WORK INSTRUCTION
Please print, exactly as written, the line containing "2、免費商城匯集了當下熱門手" and each line after it through the end of the material; pictures stay out.

DATASET CONTENT
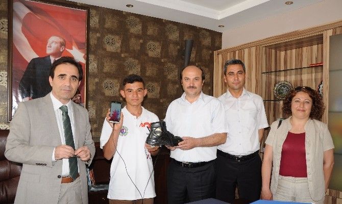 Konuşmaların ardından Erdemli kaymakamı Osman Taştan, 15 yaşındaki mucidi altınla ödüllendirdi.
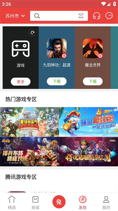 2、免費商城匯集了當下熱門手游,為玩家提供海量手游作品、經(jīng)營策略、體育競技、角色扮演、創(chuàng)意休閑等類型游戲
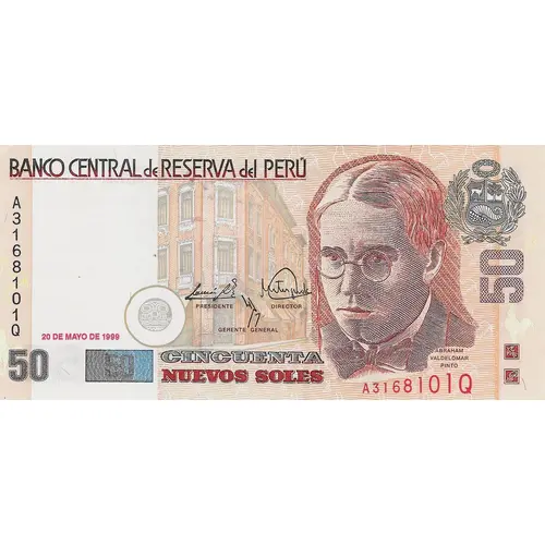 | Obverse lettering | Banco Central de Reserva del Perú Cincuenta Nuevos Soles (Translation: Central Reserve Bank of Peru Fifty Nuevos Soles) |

OUTPUT OF THE EXERCISE
 2、免費商城匯集了當下熱門手游,為玩家提供海量手游作品、經(jīng)營策略、體育競技、角色扮演、創(chuàng)意休閑等類型游戲
 | Obverse lettering | Banco Central de Reserva del Perú Cincuenta Nuevos Soles (Translation: Central Reserve Bank of Peru Fifty Nuevos Soles) |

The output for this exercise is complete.